(Reuters) - An estimated 400 million people worldwide lack access to at least one of seven essential health services, ranging from pregnancy care to clean water, according to a report released on Friday by the World Health Organization and World Bank.
At the same time, more people have access to essential health services than ever before, the report said, though coverage gaps remain.
The report, which examined surveys from 37 nations conducted between 2002 and 2012, is the first to track progress toward universal health coverage.
The goal of universal coverage, which would mean all citizens would have access to health services without experiencing financial hardship to pay for them, is likely to be included in the United Nations’ upcoming Sustainable Development Goals.
The report found a median of 1.8 percent of people had experienced “catastrophic health spending” – costs totaling more than one-quarter of household expenditures – in the previous year, while 6 percent tipped or fell further below the extreme poverty line of $1.25 per day because of healthcare costs.
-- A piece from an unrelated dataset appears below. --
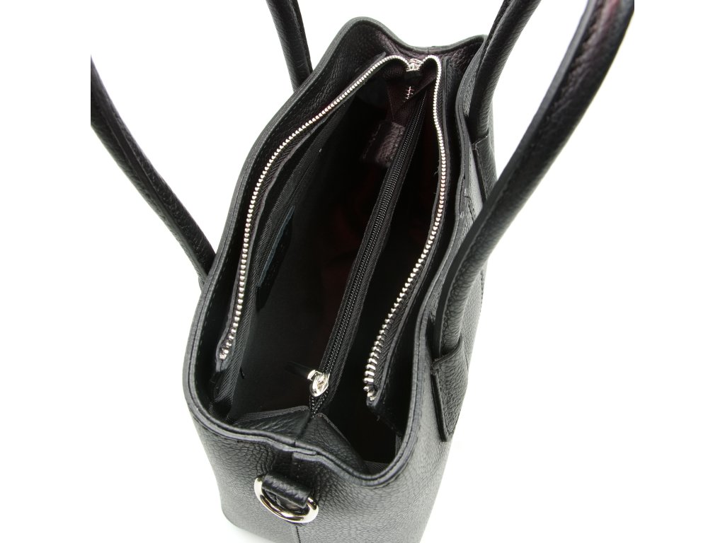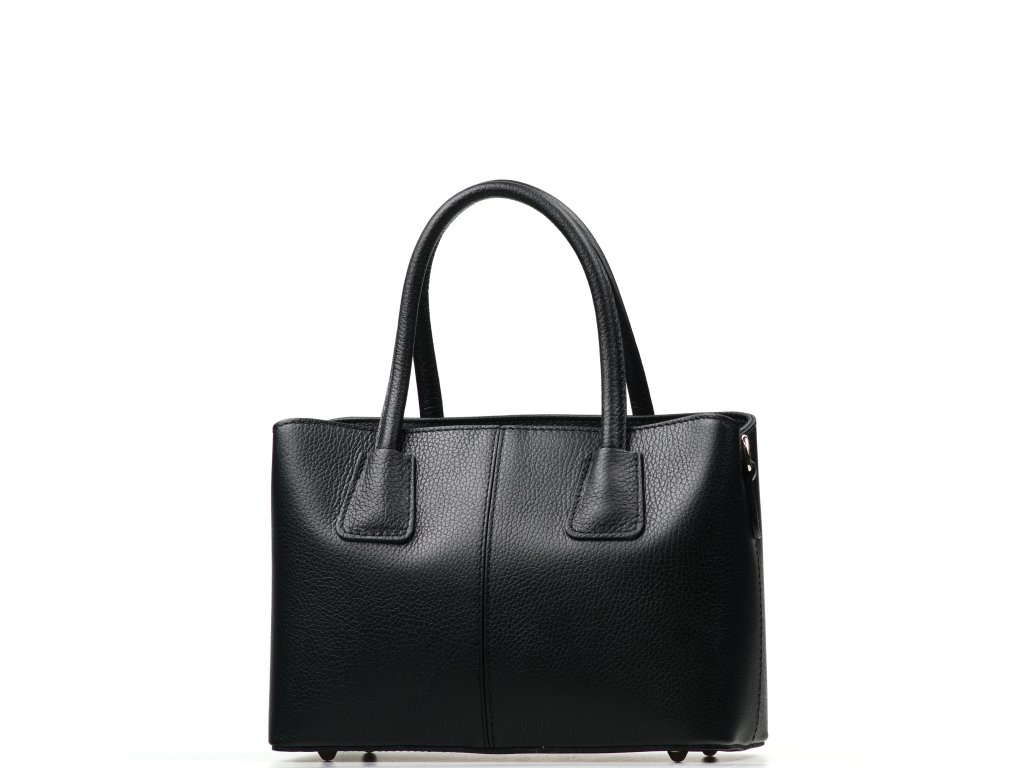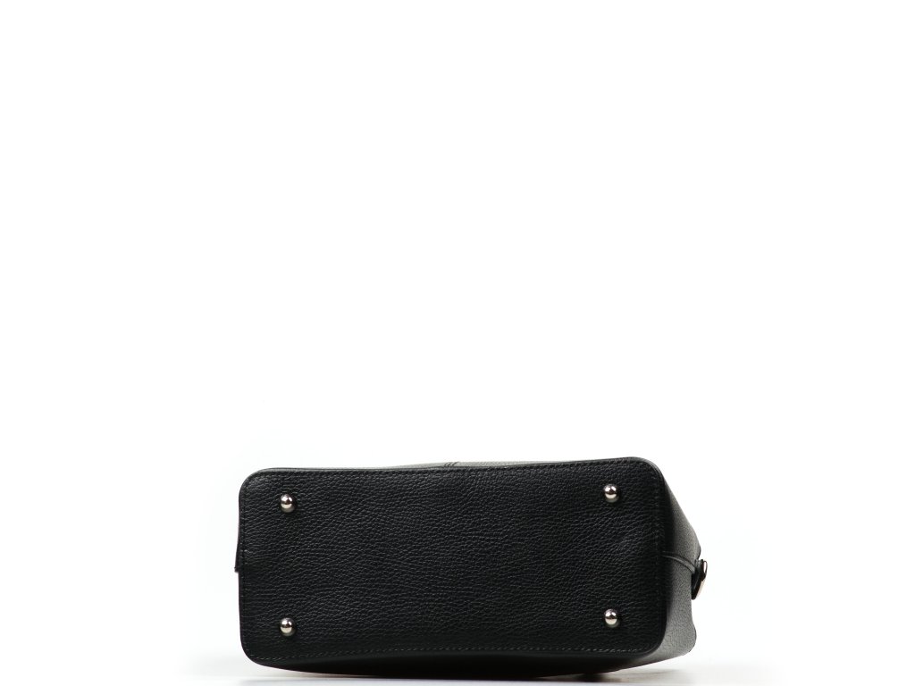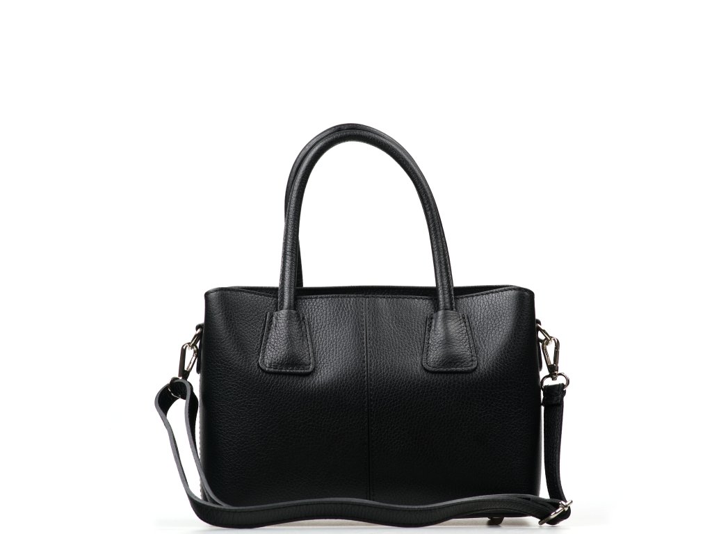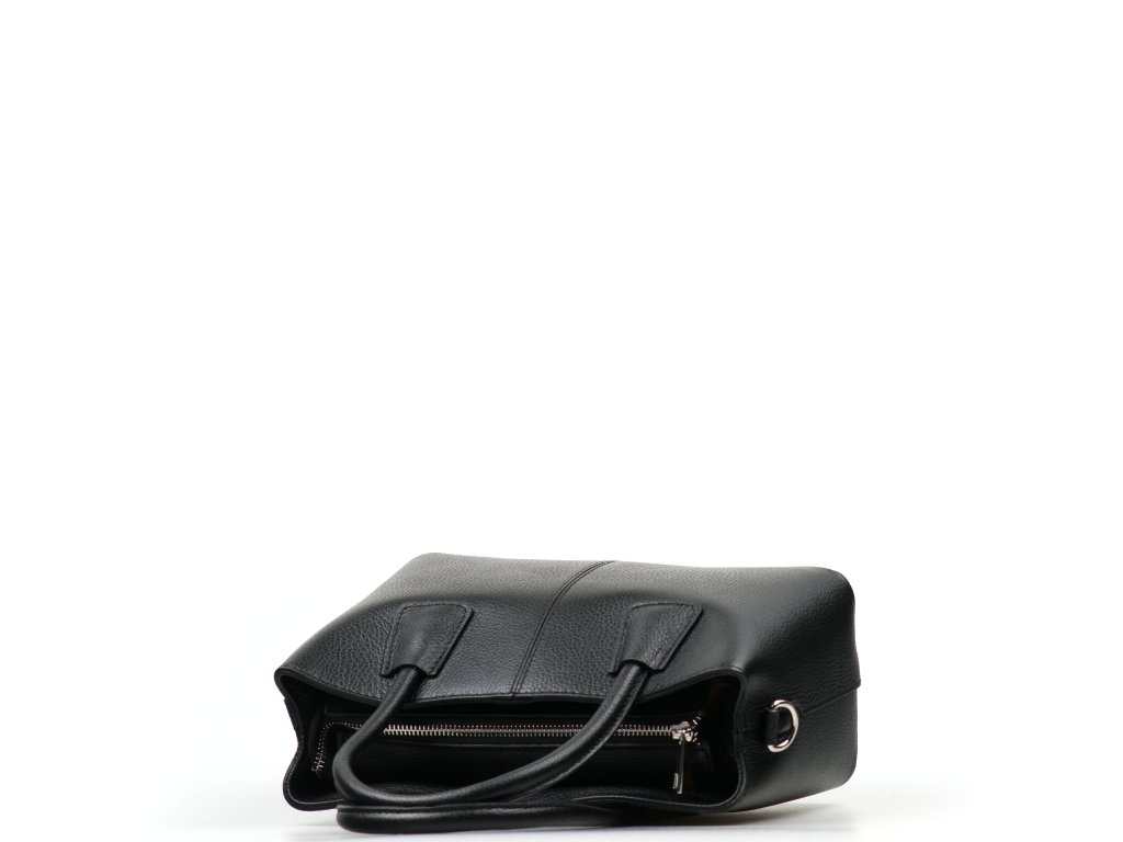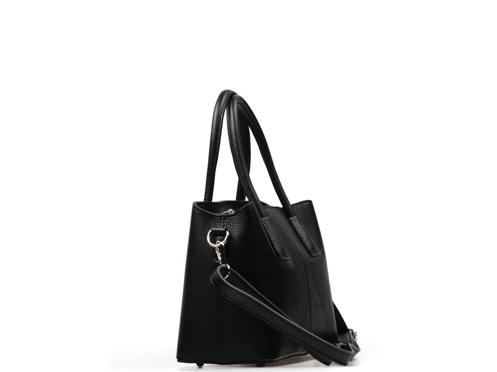 Kožená kabelka do ruky i přes rameno v černé barvě. Interiér kabelky disponuje třemi úložnými kapsami, přičemž jedna je uzavíratelná na zip a dvěma malými bočními. Součástí kabelky je přídavný popruh s karabinami s nastavitelnou délkou. Kabelka se uzavírá zipem.

When the poverty measure was raised to $2, that number climbed to 17 percent.
Still, a sub-survey of 23 countries accounting for one-eighth of the world’s population found the proportion of people suffering catastrophic payments dropped 29 percent between 2000 and 2011. Impoverishing payments fell 24 percent over the same period.
The report suggested universal health coverage is an achievable goal and showed that progress has been made toward it. The aim has been controversial, particularly in some advanced nations including the United States, where debate persists over the structure, funding and feasibility of a universal program.